California’s clean energy economy is already America’s largest, but two bills making their way through the state legislature could open access to renewables for millions of utility customers – without any subsidies.

Napa Valley solar panels

Napa Valley solar farm image via Shutterstock

If passed, SB 43 and AB 104 would allow the 75% of California utility customers who can’t install their own on-site generation to subscribe to “shared” renewable energy projects of up to 20 megawatts (MW).

Advocates say a 500MW shared renewables pilot program within the state’s three largest utility service territories would create 7,000 green jobs, earn $60 million in state sales tax revenue, generate $2 billion in economic activity, and voluntarily surpass the state’s 33% renewable portfolio standard.

Even though renewables are the fastest-growing source of new electricity generation, millions are unable to join the clean energy economy because they don’t own their home or business, because their locations aren’t suitable for distributed generation, or because they can’t afford to finance the installation.

So How Does It Work? 

Shared renewables would flip that paradigm and empower customers of investor-owned utilities to directly support new clean energy generation by generating utility bill credits for electricity produced at a shared renewable energy project.

The concept is relatively simple. First, a developer builds new renewable generation and signs up subscribers who choose how much of their power demand to offset from the project. Subscribers can enter into a set-price contract for up to 100% of their electricity demand over 20 years with the developer if the fixed price is less than their current rate.

Then, the regional utility tracks the volume of electricity generated by the shared project and sent onto the grid, gives the subscriber a credit at a price set by state regulators, and subtracts that credit from the subscriber’s monthly electricity bill.

Shared Renewables

Shared renewables graphic via Vote Solar

Avoids Controversial Energy Issues

California shared renewables could directly address two of the most controversial issues facing renewables – subsidies and net metering. Since a subscriber’s monthly credit offers the utility a fair rate for grid use, the program won’t shift costs to other ratepayers. And, since shared renewables are designed to attract private investment and be paid for by subscribers, new projects won’t need state incentives.

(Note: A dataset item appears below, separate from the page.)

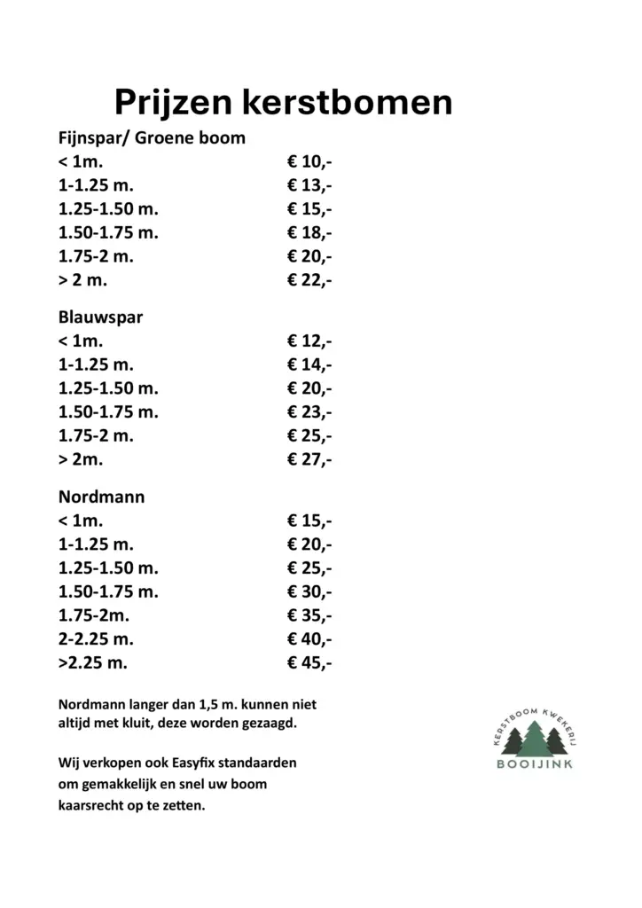 Prijslijst Kerstbomen 2025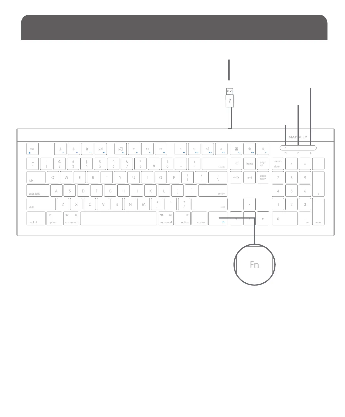 Macally MKEYE - Hardware Basics; USB Plug and Key Lock Indicators; Fn Lock Mode Operation

The system could also avoid controversy around net metering, which has been opposed by utilities because they have to pay customers for electricity generated but not consumed on site from small-scale projects. Since shared renewables are located offsite, subscribers still pay to use the grid and do not directly offset electricity demand from the utility with customer-generated supply.

Locks In Long-Term Savings

Perhaps best of all, shared renewables could help customers save money and improve disadvantaged communities while protecting the environment. California regulators expect electricity rates to rise 2.7% per year through 2030, but by locking in competitive price contracts now, subscribers can hedge their utility bills for up to 20 years.

Two local case studies show the benefits of shared renewables. The City of Davis, home to 65,000 residents and the most sustainable college in America, would save more than $2.8 million over 20 years while reducing greenhouse gases by 33,484 metric tons per year. A bit further to the west, the Bay Area Unified School District, which serves 29,000 students, would save $1.5 million in energy costs – a big help considering its budget has been cut $40 million over the past four years.

Both pieces of legislation also contain a 20% set-aside for residential subscriptions, and a 20% set-aside for renewable projects smaller than 1MW to be built in areas disproportionally affected by environmental pollution or with socioeconomic vulnerability.

Go West, Young Solar Campaigner

So once again, California is at the vanguard of renewables policy in America. Seven states have now passed shared renewables legislation, and campaigns are currently underway to expand or pass similar laws in six states and the District of Columbia.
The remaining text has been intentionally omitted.